The NAFEMS Aerospace Seminar drew attention with a high-profile lineup, including leaders from the FAA and NASA, bringing forward the latest developments in simulation, AI-driven surrogate modeling, and infrastructure for aerospace digital design. The event underscored growing consensus: simulation must evolve beyond brute force high-fidelity models to more flexible, scalable, and intelligent workflows, says Digital Engineering.
A major thread was surrogate modeling, which uses AI or statistical models to approximate the behavior of complex systems with much lower computational cost. Speakers emphasized that by pairing high-fidelity simulations with data-driven surrogates, engineers can explore design spaces more rapidly. The approach helps when full physics models are too slow for iterative design or optimization loops.
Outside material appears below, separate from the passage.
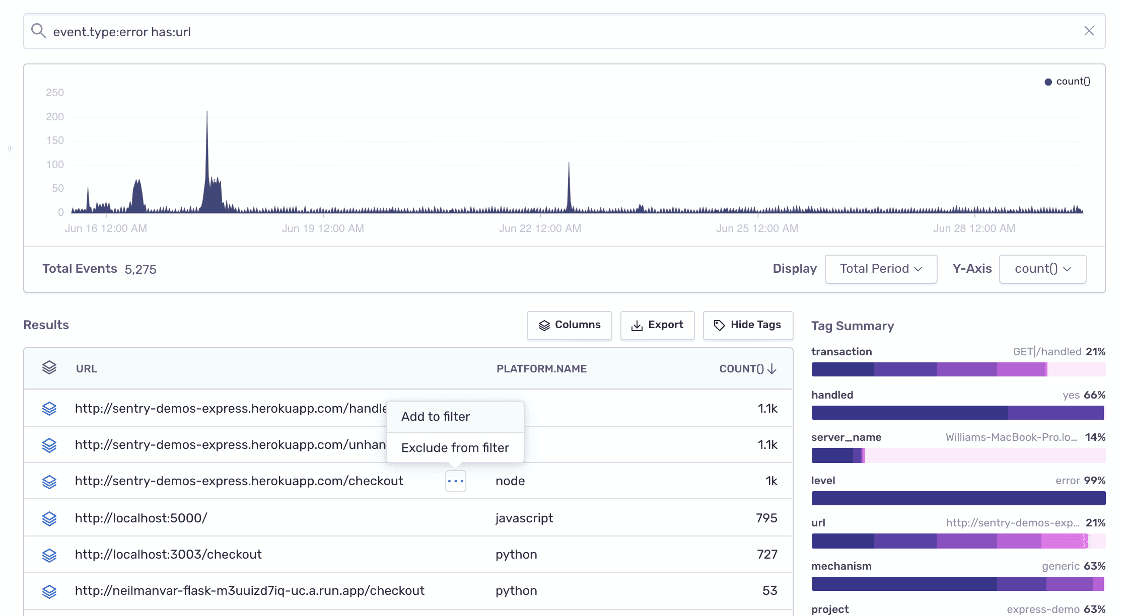 column header to order the line items accordingly.Hover your cursor over the top project line item, click on the actions icon that displays, and select "Add to filter". This will narrow your results even more so that you can continue looking into the issues of that specific project.

Beyond individual modeling techniques, the seminar also addressed infrastructure: digital twins, co-simulation across disciplines, and the integration of simulation into certification pipelines. Attendees discussed how validated models and surrogate tools could feed into digital engineering strategies, bridging conceptual design to verification and qualification.
In this respect, regulatory alignment was a recurring topic, especially given aerospace’s heavy dependence on safety, traceability, and certification.
Also highlighted were case studies and use cases in aerospace sectors: how multi-physics coupling (aerodynamics, structures, thermal) and model reduction methods are beginning to see adoption in real design projects. Speakers argued that simulations should not be isolated silos but part of interconnected digital workflows.
The seminar painted a picture of aerospace simulation in transition. The field is shifting from purely physics-heavy tools to hybrid systems that mix fidelity, data, and intelligent approximations. The new paradigm aims to make simulation more agile, scalable, and central to every part of aerospace engineering.